Breaking

Minggu, 28 Juli 2019

Siapa Bilang Tak Bisa Menang Melawan Bank? Ini Daftar Gugatan Nasabah Bank yang Dimenangkan!

Baca Juga

ADA pepatah lama bangsa Melayu yang mengatakan “Berani karena benar, takut karena salah”. Artinya kira-kira, orang yang yakin dirinya benar pasti berani melakukan apa pun untuk membuktikan bahwa dia memang benar. Sedangkan orang yang merasa bersalah pasti takut berbuat apa pun karena sudah tahu akhirnya pasti dia yang kalah.

Berkaitan dengan kehidupan masyarakat yang gak bisa lepas dari konflik benar-salah, pepatah itu berguna banget.
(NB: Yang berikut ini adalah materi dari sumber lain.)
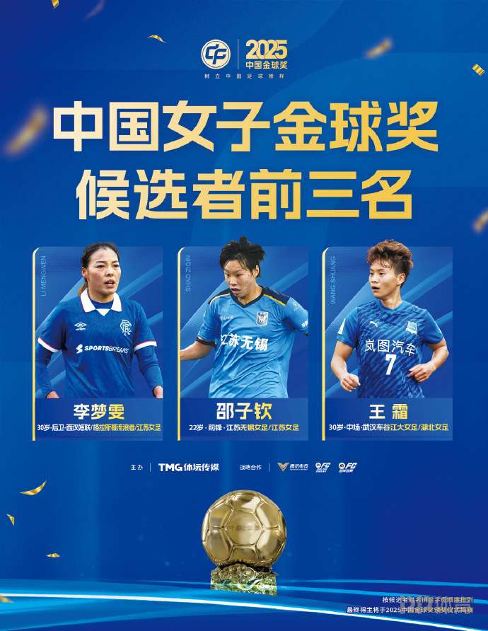 李夢(mèng)雯、邵子欽和王霜將爭(zhēng)奪中國(guó)女子金球獎(jiǎng)

Misalnya dalam soal perbankan.

Banyak orang yang ngerasa dirugikan oleh pihak bank dalam suatu masalah, contohnya penarikan tagihan gelap kartu kredit.

Tapi mereka gak mau menggugat bank yang menerbitkan kartu itu, padahal mereka yakin benar gak pernah melakukan transaksi yang ditagihkan. Alasannya klise: ah, mana bisa menang melawan bank?

Padahal dalam Undang-Undang Nomor 8 Tahun 1999 tentang Perlindungan Konsumen disebutkan konsumen berhak mendapat advokasi dan perlindungan serta upaya penyelesaian sengketa. Konsumen juga berhak mendapat kompensasi dan ganti rugi. Jadi, kalau memang yakin pihak bank yang salah, gugat saja.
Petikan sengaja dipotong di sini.